B. Motion for Summary Judgment

American General moves for summary judgment as to all remaining counts in the Second Amended Complaint. The Court will address each count in the most logical order.

1. Count II

Count II raises a claim for common law unfair competition. American General moves for summary judgment on Count II, arguing that Plaintiffs and American General are not competitors for a common pool of customers. Plaintiffs have not addressed their claim for unfair competition in their response to American General's Motion for Summary Judgment.

"To prevail on a claim for unfair competition under Florida common law, plaintiff must establish (1) deceptive or fraudulent conduct of a competitor and (2) likelihood of consumer confusion." Glob. Tel*Link Corp. v. Scott , 652 F.Supp.2d 1240, 1250 (M.D. Fla. 2009). "[T]he pleading party must allege that it competes with its opponent for a common pool of customers." Third Party Verification, Inc. v. Signaturelink, Inc. , 492 F.Supp.2d 1314, 1325 (M.D. Fla. 2007).

There are no facts alleged in the Second Amended Complaint, or found anywhere in the record, that suggest that Plaintiffs and American General compete for a common pool of customers. Plaintiffs all consist of small business owners who participated in the Sea Nine VEBA Programs in an attempt to obtain insurance benefits with tax advantages. (Doc. 54, ¶¶ 16-33). Plaintiffs have not explained how any of their businesses compete with American General for a common pool of customers. Accordingly, Plaintiffs have not met their burden of demonstrating that there are genuine factual disputes which preclude judgment as a matter of law on this issue. Summary judgment as to Count II will therefore be granted.

2. Count III

In Count III, Plaintiffs bring a claim under Florida's Misleading Advertising Law, Fla. Stat. § 817.41, contending that American General "publicly disseminated advertising regarding its Programs and Policies that contained statements that were fraudulent, untrue and/or misleading." (Doc. 54, ¶ 118). Florida's Misleading Advertising Law makes it unlawful "to make or disseminate or cause to be made or disseminated before the general public of the state, or any portion thereof, any misleading advertisement." Fla. Stat. § 817.41. However, § 817.47 provides an exemption "for advertising in connection with sales of insurance which are regulated under the insurance laws of the state." American General seeks summary judgment as to Count III, claiming that its actions are exempt pursuant to § 817.47.

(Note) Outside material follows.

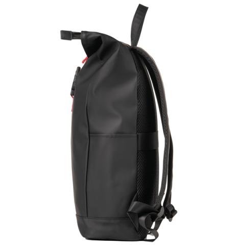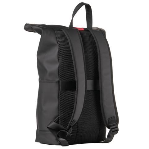 Descrizione / dati tecnici: Zaino roll-top in gomma antipioggia, tasca frontale portachiavi e accessori. Grande vano centrale con all’interno guscio estraibile per notebook 15”. Doppia tasca laterale per borraccia e ombrello, schienale e tracolle imbotite, maniglia per il trasporto.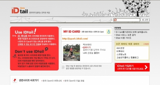 'ID테일'은 지난 4월2일 문을 연 오픈ID 인증 서비스다. 오픈ID란 동일한 ID로 다양한 웹사이트를 자유롭게 로그인 할 수 있는 통합 인증 기술로 요즘 국내외 인터넷 업계에서 많은 주목을 받고 있다.

Plaintiffs contend that insurance exemption should not apply in this case because the advertisements at issue concerned a "welfare benefit trust"-the Sea Nine VEBA Program-and had only a tangential connection to "sales of insurance." (Doc. 133, p. 19). Such an argument, however, is contradicted by Plaintiffs' allegations in the Second Amended Complaint and other pleadings submitted by Plaintiffs. Plaintiffs' summary of their claim against American General begins by stating that "American General actively participated in a fraudulent scheme to sell highly profitable life insurance products" (Doc. 133, p. 1) (emphasis added). Indeed, all of the facts presented by Plaintiffs indicate that American General's participation in the Sea Nine VEBA Program centers around the sale of life insurance policies to the VEBAs. In its Complaint, Plaintiffs contend that American General participated in a "unified marketing scheme that promoted both its [insurance] Policies and the Programs," (Doc. 54, ¶ 50), and that it agreed with the Employees to sell "[insurance] Policies through the [Sea Nine VEBA] Programs," (id. ¶ 105). The crux of Plaintiffs entire suit against American General is that American General marketed, promoted, and sold insurance policies through the Sea Nine VEBA Programs after obtaining the knowledge that the Programs were noncompliant with federal law. Such claims contradict Plaintiffs assertion now that the advertisements at issue had only a tangential connection to "sales of insurance." (Doc. 133, p. 19).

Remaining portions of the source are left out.